■ **WORK TO BE COMPLETED**
Should a picture appear anywhere in the data, omit it and copy everything else exactly.

■ **EXTRACTED ENTRIES**
Start of Block
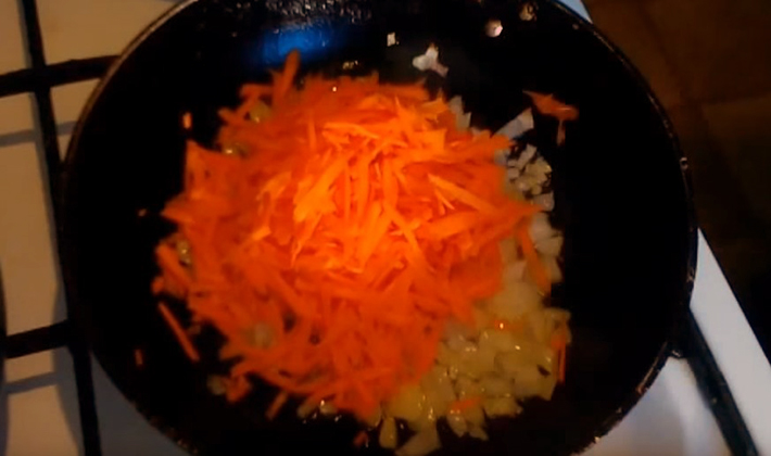 Peler les carottes et les oignons, les laver, les couper avec un couteau et les faire frire dans une petite quantité d'huile jusqu'à ce qu'ils soient dorés.
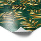 Seamless pattern of gold, jewelry, shiny fern branches and leaves on green, woodland, textured background. Golden fern.
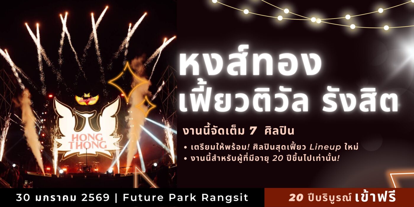 เตรียมระเบิดความมันส์กันให้สุด! รังสิตกำลังจะร้อนแรงกว่าที่เคย กับงานดนตรีสุดยิ่งใหญ่ “หงส์ทอง เฟี้ยวติวัล” ที่ยกทัพความสนุกมาแบบจัดเต็ม รวม 7 ศิลปินตัวท็อป ขึ้นเวทีเดียวกัน พร้อมโชว์สุดเดือด เสียงดนตรีสุดเร้าใจ และบรรยากาศความมันส์แบบไม่มีพัก
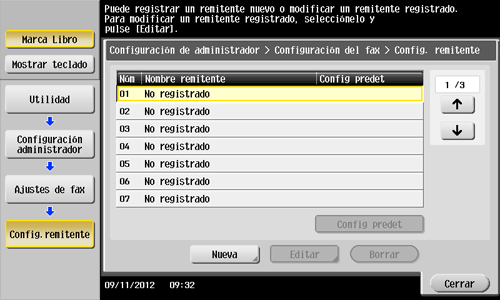 Si [Config de Admin] - [Ajustes de fax] - [Ajuste Trans/Recep] - [Instalación de línea de remitente individual] se ha ajustado en [ACTIV.] cuando se utilizan varias líneas, puede especificarse el nombre de remitente predeterminado para cada una.
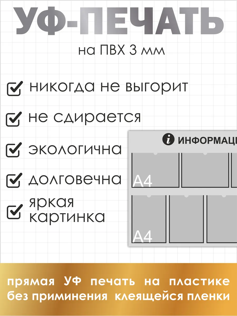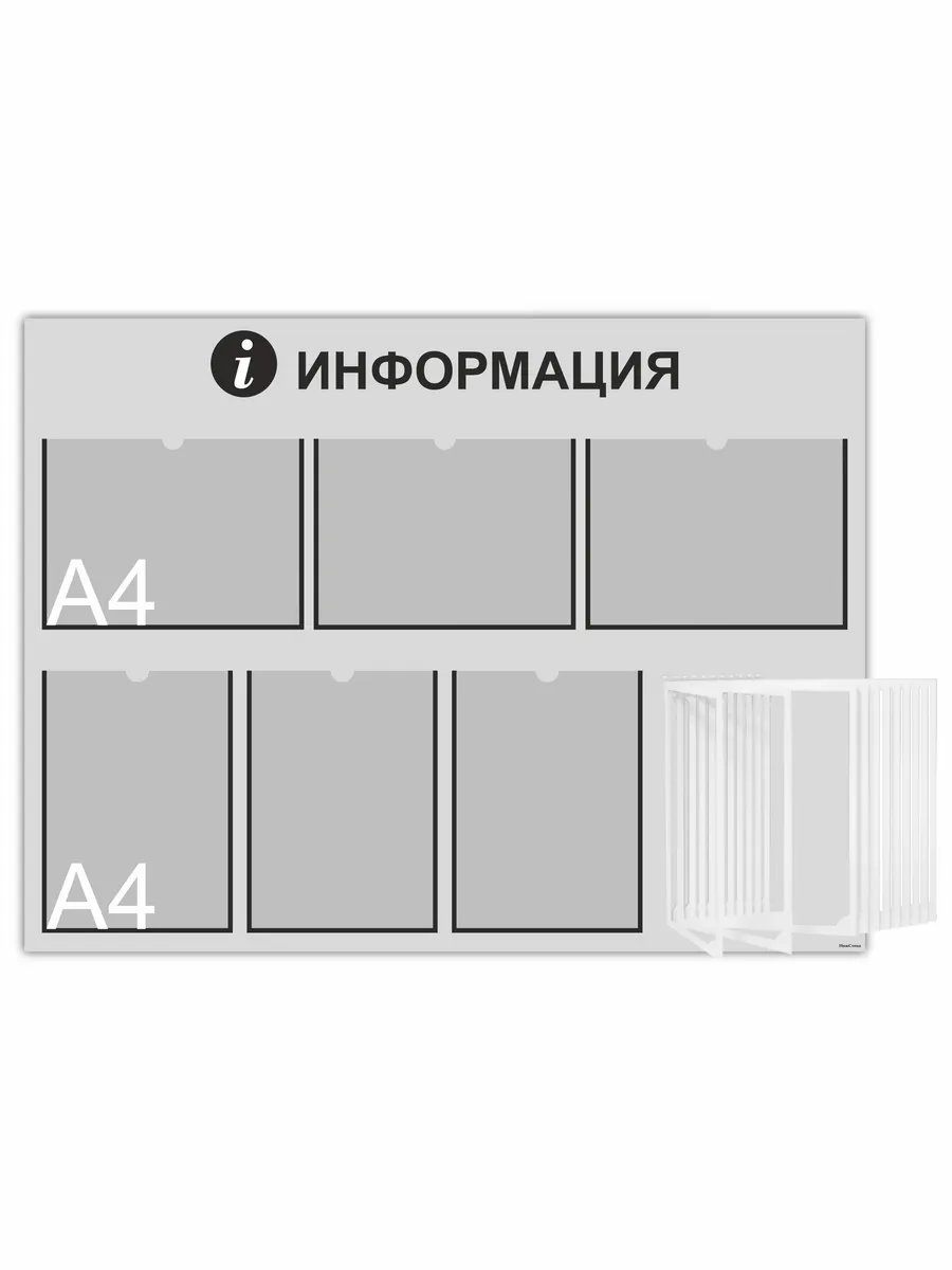 Стенд информационный с 8 карманами (восемь) А4, серый с перекидной системой на 10 карманов с вертикальными и горизонтальными карманами. Информационный стенд является универсальным решением и отлично подойдет для школы, детского сада, ДОУ, СНТ, родителей, гостиницы, хостела, магазина, маникюрного салона, салона красоты, поликлиники, больницы, медицинсих клиник. Стенд информация сделан из не тяжелого пластика, что позволяет легко установить стенд информация на стену. Информационную табличку с прозрачными карманами можно использовать как стенд информационный в школу. С обратной стороны информационного стенда есть удобндвусторонняя клейкая лента для легкой установки на стену помещения, класса. Данная конструкция может быть также использована как стенд для родителей. Стенды для детского сада как правило имеют яркие раскраски, но минималистичный информационный стенд является более грамотным решением. Минималистичный дизайн стенда позволяет сделать упор непосредственно на информацию, размещенную в прозрачных карманах, и не отвлекать от нее пестрыми цветами самого стенда. Подойдет как информационный стенд в детский сад, а также как стенд информация в любое другое государственное и частное учреждение. Информационный стенд с карманами, это классическое решение любых задач по взаимодействию с посетителями. Стенд информация позволяет сократить время решение задач информирования родителей и посетителей, путем размещения ответов на частые вопросы в информационный карманы настенного стенда. Размещение информационного стенда на стене, позволяет решить широкий спектр задач. Стенды для начальный школы, как и для старших классов широко используются в системе российского образования.
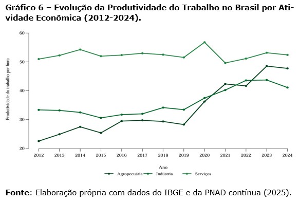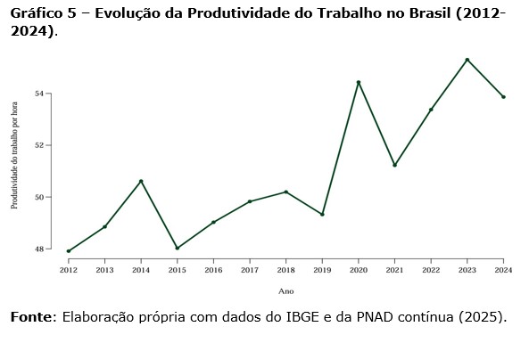 No que se refere à produtividade do trabalho, o Gráfico 5 demonstra uma trajetória de ganhos reais no Brasil ao longo do período compreendido entre 2012 e 2024. De forma similar ao restante dos indicadores já analisa- dos, destaca-se aqui a volatilidade do comportamento da produtividade do trabalho como um todo, em sincronia com alguns dos momentos de maior destaque na economia brasileira no período observado. Como em decorrência da natureza do cálculo da produtividade − uma razão entre o PIB e as horas trabalhadas −, os momentos de alta da produtividade coincidem com aqueles de maior desemprego na economia, como após a crise de 2015 e o período pandêmico.
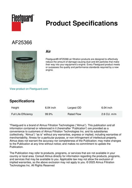Fleetguard® AF25366 air filtration products are designed to effectively reduce the amount of damage-causing dust and dirt particles that make their way into your equipment’s engine. Every Fleetguard product meets or surpasses the quality and performance standards required by a new engine.Specification
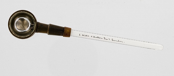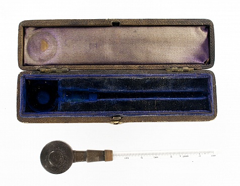 Description: 5“x1.25“x7/8” red leatherette box with red velvet lining contains 5’ thermometer including a 1” circular end which contains a surface coil, the thermometer is inscribed S. Hicks 8 Hatton Gardon, London. It is lettered by hand from 76 to 110. There is a .5” button on the back of the surface coil.
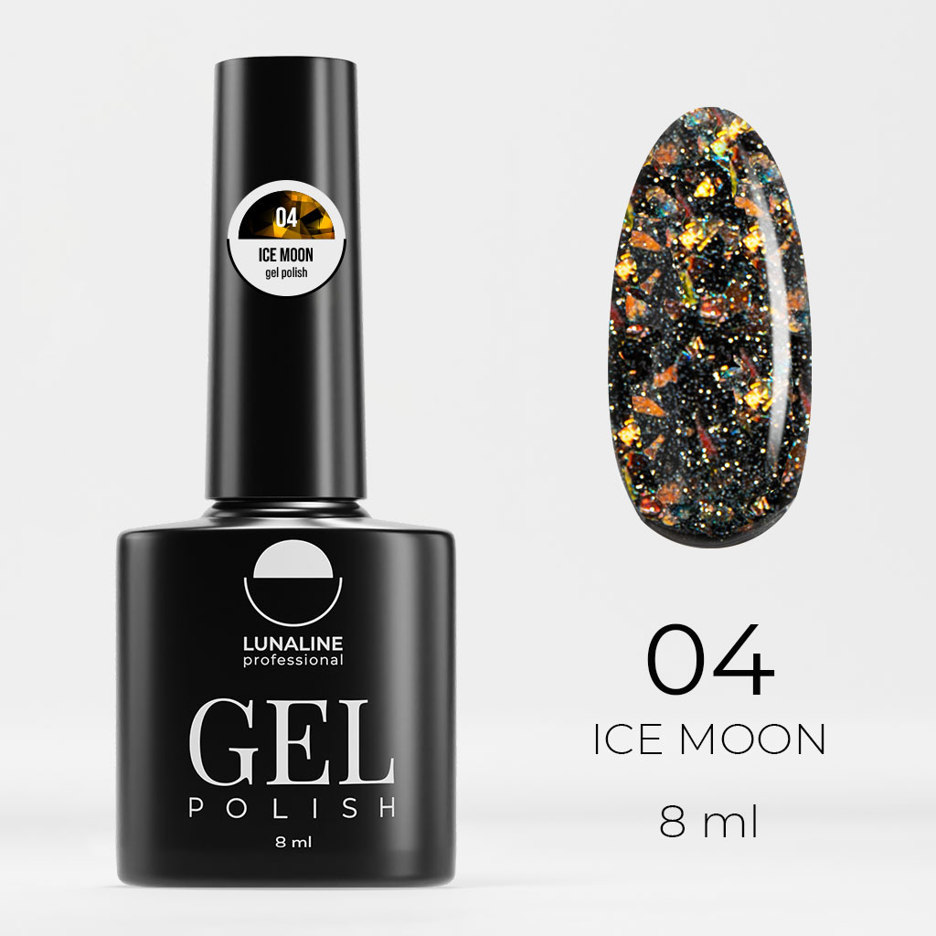 Гель-лак ICE MOON имеет светоотражающий эффект с добавлением иридирующего битого стекла.
End of Block
■ **OUTPUT FOR THIS TASK**
 Peler les carottes et les oignons, les laver, les couper avec un couteau et les faire frire dans une petite quantité d'huile jusqu'à ce qu'ils soient dorés.
 Seamless pattern of gold, jewelry, shiny fern branches and leaves on green, woodland, textured background. Golden fern.
 เตรียมระเบิดความมันส์กันให้สุด! รังสิตกำลังจะร้อนแรงกว่าที่เคย กับงานดนตรีสุดยิ่งใหญ่ “หงส์ทอง เฟี้ยวติวัล” ที่ยกทัพความสนุกมาแบบจัดเต็ม รวม 7 ศิลปินตัวท็อป ขึ้นเวทีเดียวกัน พร้อมโชว์สุดเดือด เสียงดนตรีสุดเร้าใจ และบรรยากาศความมันส์แบบไม่มีพัก
 Si [Config de Admin] - [Ajustes de fax] - [Ajuste Trans/Recep] - [Instalación de línea de remitente individual] se ha ajustado en [ACTIV.] cuando se utilizan varias líneas, puede especificarse el nombre de remitente predeterminado para cada una.
 Стенд информационный с 8 карманами (восемь) А4, серый с перекидной системой на 10 карманов с вертикальными и горизонтальными карманами. Информационный стенд является универсальным решением и отлично подойдет для школы, детского сада, ДОУ, СНТ, родителей, гостиницы, хостела, магазина, маникюрного салона, салона красоты, поликлиники, больницы, медицинсих клиник. Стенд информация сделан из не тяжелого пластика, что позволяет легко установить стенд информация на стену. Информационную табличку с прозрачными карманами можно использовать как стенд информационный в школу. С обратной стороны информационного стенда есть удобндвусторонняя клейкая лента для легкой установки на стену помещения, класса. Данная конструкция может быть также использована как стенд для родителей. Стенды для детского сада как правило имеют яркие раскраски, но минималистичный информационный стенд является более грамотным решением. Минималистичный дизайн стенда позволяет сделать упор непосредственно на информацию, размещенную в прозрачных карманах, и не отвлекать от нее пестрыми цветами самого стенда. Подойдет как информационный стенд в детский сад, а также как стенд информация в любое другое государственное и частное учреждение. Информационный стенд с карманами, это классическое решение любых задач по взаимодействию с посетителями. Стенд информация позволяет сократить время решение задач информирования родителей и посетителей, путем размещения ответов на частые вопросы в информационный карманы настенного стенда. Размещение информационного стенда на стене, позволяет решить широкий спектр задач. Стенды для начальный школы, как и для старших классов широко используются в системе российского образования.
 No que se refere à produtividade do trabalho, o Gráfico 5 demonstra uma trajetória de ganhos reais no Brasil ao longo do período compreendido entre 2012 e 2024. De forma similar ao restante dos indicadores já analisa- dos, destaca-se aqui a volatilidade do comportamento da produtividade do trabalho como um todo, em sincronia com alguns dos momentos de maior destaque na economia brasileira no período observado. Como em decorrência da natureza do cálculo da produtividade − uma razão entre o PIB e as horas trabalhadas −, os momentos de alta da produtividade coincidem com aqueles de maior desemprego na economia, como após a crise de 2015 e o período pandêmico.
Fleetguard® AF25366 air filtration products are designed to effectively reduce the amount of damage-causing dust and dirt particles that make their way into your equipment’s engine. Every Fleetguard product meets or surpasses the quality and performance standards required by a new engine.Specification
 Description: 5“x1.25“x7/8” red leatherette box with red velvet lining contains 5’ thermometer including a 1” circular end which contains a surface coil, the thermometer is inscribed S. Hicks 8 Hatton Gardon, London. It is lettered by hand from 76 to 110. There is a .5” button on the back of the surface coil.
 Гель-лак ICE MOON имеет светоотражающий эффект с добавлением иридирующего битого стекла.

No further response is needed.